**Data to process:**
******

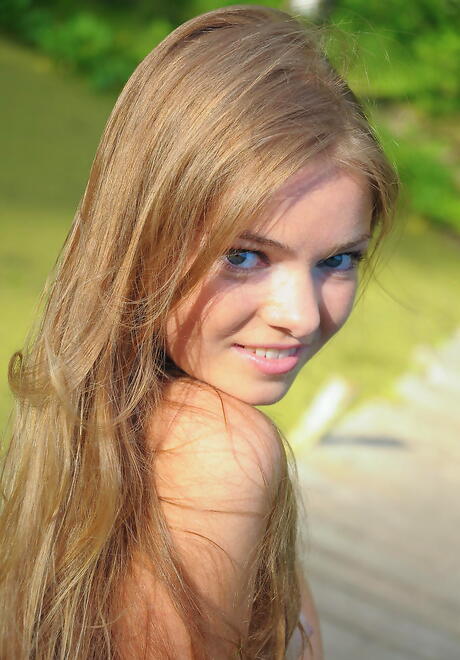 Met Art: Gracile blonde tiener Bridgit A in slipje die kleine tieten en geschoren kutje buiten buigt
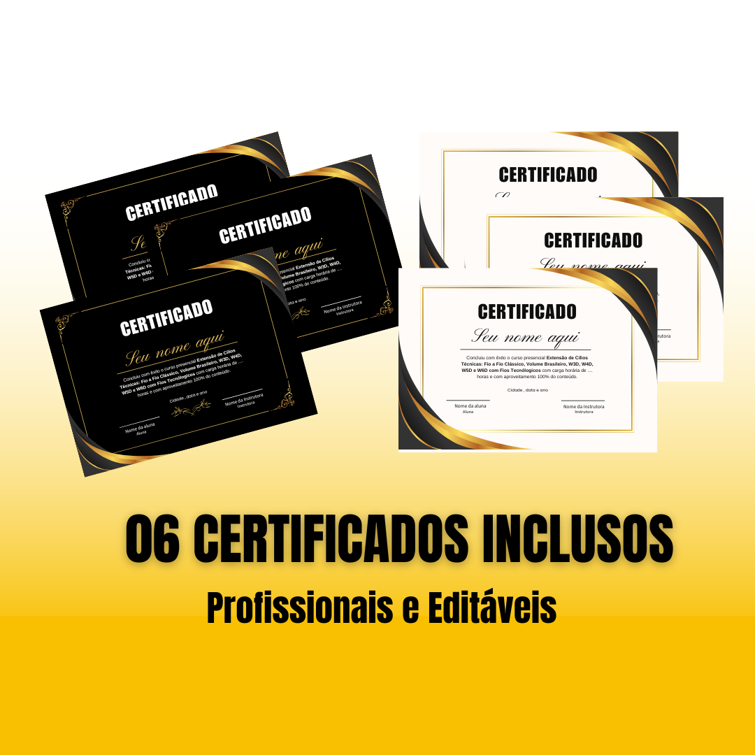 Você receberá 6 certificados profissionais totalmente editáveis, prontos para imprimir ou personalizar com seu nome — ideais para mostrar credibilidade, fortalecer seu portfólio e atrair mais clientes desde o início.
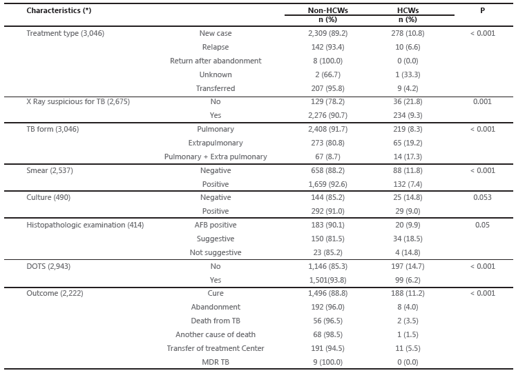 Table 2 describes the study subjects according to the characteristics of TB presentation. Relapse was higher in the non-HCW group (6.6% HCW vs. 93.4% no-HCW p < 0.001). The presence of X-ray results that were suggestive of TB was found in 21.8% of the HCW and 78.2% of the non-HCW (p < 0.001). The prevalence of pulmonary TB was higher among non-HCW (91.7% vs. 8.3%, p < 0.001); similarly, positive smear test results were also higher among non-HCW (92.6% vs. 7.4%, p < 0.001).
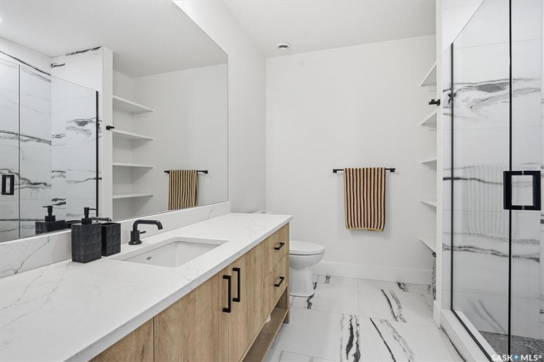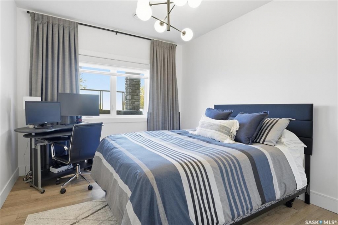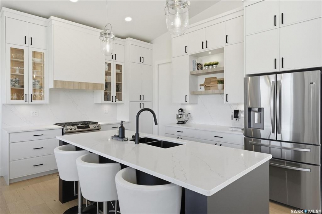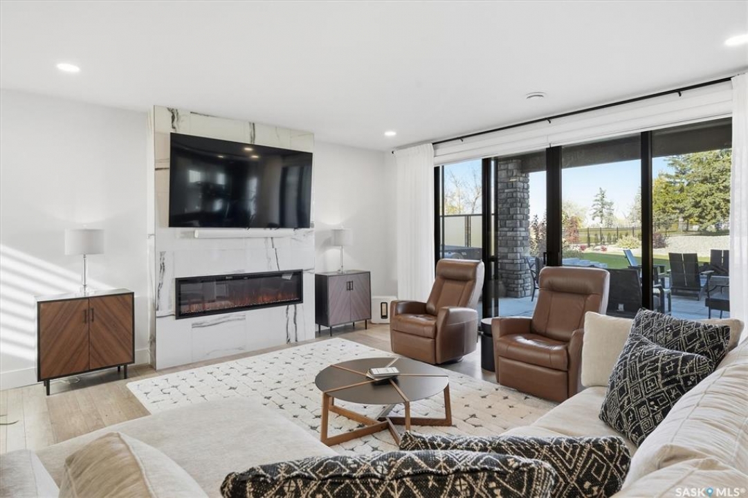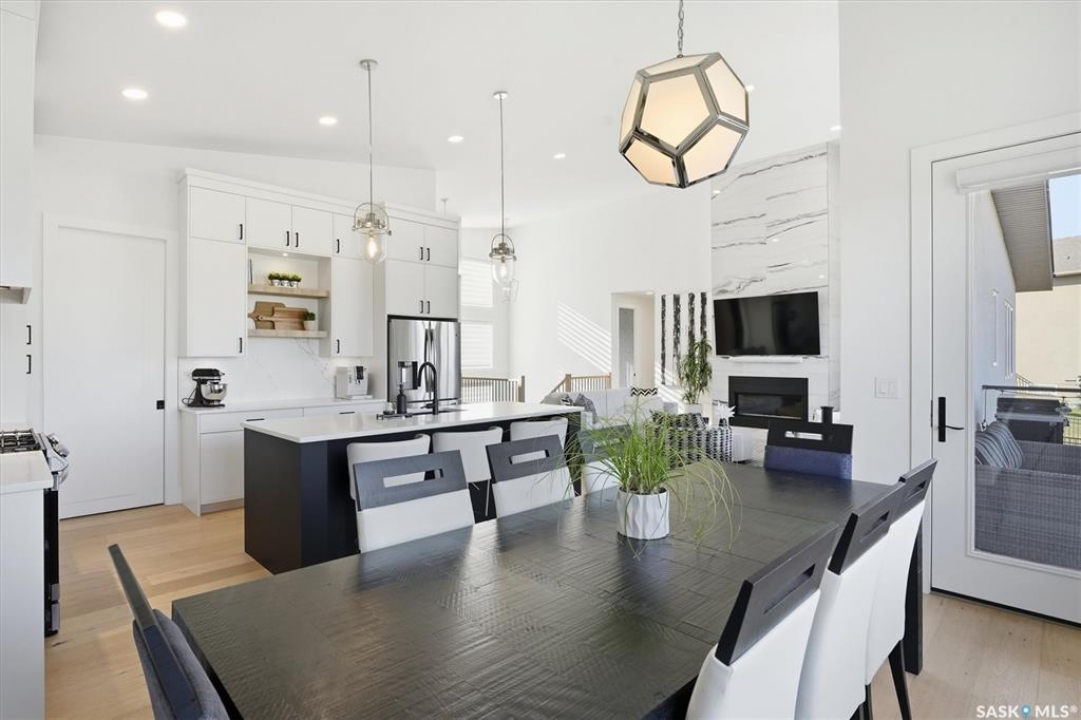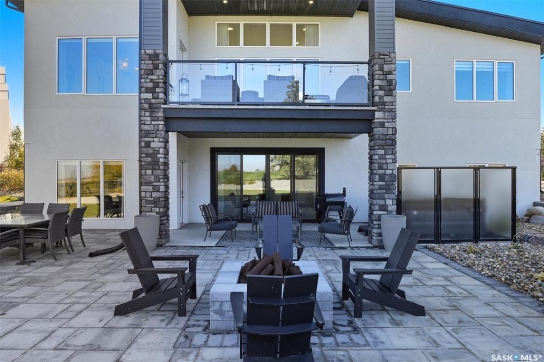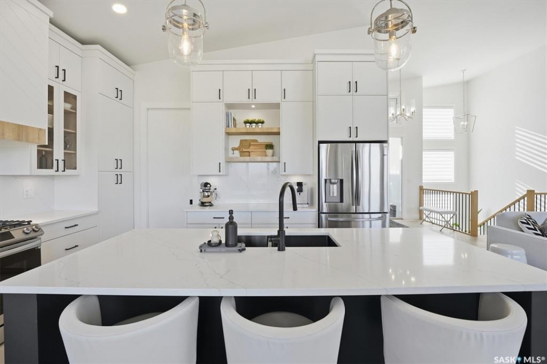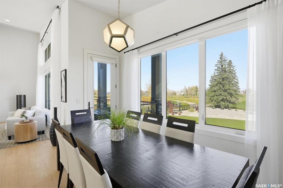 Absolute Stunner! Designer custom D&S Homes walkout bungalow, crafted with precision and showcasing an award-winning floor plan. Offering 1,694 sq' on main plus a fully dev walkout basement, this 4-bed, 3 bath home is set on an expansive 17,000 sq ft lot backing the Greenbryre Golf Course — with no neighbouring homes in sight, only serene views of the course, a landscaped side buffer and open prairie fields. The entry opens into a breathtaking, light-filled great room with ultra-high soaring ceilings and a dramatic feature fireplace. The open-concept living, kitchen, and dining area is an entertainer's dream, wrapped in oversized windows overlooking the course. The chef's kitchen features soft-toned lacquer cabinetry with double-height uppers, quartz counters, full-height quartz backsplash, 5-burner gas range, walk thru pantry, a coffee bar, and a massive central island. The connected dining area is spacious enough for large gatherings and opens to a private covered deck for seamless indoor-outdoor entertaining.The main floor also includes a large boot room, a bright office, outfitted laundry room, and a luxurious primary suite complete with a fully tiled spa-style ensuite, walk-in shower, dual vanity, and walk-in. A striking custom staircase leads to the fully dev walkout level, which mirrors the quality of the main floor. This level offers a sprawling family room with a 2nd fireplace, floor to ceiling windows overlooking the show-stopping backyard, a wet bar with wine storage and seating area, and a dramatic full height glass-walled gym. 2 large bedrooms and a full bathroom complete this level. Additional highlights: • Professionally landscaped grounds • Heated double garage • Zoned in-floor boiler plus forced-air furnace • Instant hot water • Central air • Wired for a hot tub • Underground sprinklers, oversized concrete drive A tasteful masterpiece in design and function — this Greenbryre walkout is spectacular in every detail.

******

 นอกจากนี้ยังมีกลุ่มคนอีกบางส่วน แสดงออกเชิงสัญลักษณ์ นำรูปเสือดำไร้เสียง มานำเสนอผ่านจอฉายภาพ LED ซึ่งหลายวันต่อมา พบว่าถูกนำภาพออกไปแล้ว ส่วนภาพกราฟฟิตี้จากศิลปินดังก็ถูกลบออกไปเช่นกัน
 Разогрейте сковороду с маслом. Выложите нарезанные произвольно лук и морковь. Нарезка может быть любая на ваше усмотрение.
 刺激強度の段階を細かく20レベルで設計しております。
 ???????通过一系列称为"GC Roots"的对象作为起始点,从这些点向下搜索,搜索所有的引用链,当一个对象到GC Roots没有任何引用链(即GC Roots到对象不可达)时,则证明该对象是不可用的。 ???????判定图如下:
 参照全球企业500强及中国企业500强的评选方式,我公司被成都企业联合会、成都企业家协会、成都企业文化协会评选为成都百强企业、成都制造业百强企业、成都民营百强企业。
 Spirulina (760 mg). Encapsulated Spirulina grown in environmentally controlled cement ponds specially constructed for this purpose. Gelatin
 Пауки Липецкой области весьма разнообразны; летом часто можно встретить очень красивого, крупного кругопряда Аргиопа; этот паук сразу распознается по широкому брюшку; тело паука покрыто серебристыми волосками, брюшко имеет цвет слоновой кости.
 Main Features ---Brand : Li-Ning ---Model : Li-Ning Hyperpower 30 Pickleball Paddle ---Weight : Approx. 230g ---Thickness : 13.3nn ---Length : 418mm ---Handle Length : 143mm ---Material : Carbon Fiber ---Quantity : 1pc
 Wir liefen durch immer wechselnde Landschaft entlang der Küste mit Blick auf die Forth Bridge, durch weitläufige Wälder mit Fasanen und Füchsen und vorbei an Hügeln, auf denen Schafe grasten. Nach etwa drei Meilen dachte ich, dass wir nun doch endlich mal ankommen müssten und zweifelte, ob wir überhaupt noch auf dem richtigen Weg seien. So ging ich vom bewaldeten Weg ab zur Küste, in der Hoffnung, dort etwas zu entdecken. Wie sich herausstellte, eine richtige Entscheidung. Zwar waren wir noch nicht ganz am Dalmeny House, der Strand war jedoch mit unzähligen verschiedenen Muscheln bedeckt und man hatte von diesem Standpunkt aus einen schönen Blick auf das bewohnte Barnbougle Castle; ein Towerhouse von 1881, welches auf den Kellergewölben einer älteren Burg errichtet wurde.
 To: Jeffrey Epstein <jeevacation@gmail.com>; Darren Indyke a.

******

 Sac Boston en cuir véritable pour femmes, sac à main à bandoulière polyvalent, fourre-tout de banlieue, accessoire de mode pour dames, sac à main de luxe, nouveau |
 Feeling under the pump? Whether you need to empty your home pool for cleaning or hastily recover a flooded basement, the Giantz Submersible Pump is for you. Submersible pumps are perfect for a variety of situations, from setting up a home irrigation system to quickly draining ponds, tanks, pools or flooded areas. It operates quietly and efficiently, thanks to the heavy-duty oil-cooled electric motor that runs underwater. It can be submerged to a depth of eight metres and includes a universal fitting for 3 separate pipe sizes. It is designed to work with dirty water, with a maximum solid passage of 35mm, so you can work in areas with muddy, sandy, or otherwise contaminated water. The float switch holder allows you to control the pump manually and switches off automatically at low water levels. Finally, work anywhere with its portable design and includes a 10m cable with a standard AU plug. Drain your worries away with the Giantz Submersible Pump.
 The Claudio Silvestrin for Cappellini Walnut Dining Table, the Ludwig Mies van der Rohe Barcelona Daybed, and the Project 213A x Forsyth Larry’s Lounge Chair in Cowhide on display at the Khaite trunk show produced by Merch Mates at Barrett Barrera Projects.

******

**What the exercise asks:** Check each line of the entries for the string "ponds". Copy the lines that have it.

**Task answer:**
 Spirulina (760 mg). Encapsulated Spirulina grown in environmentally controlled cement ponds specially constructed for this purpose. Gelatin
 Feeling under the pump? Whether you need to empty your home pool for cleaning or hastily recover a flooded basement, the Giantz Submersible Pump is for you. Submersible pumps are perfect for a variety of situations, from setting up a home irrigation system to quickly draining ponds, tanks, pools or flooded areas. It operates quietly and efficiently, thanks to the heavy-duty oil-cooled electric motor that runs underwater. It can be submerged to a depth of eight metres and includes a universal fitting for 3 separate pipe sizes. It is designed to work with dirty water, with a maximum solid passage of 35mm, so you can work in areas with muddy, sandy, or otherwise contaminated water. The float switch holder allows you to control the pump manually and switches off automatically at low water levels. Finally, work anywhere with its portable design and includes a 10m cable with a standard AU plug. Drain your worries away with the Giantz Submersible Pump.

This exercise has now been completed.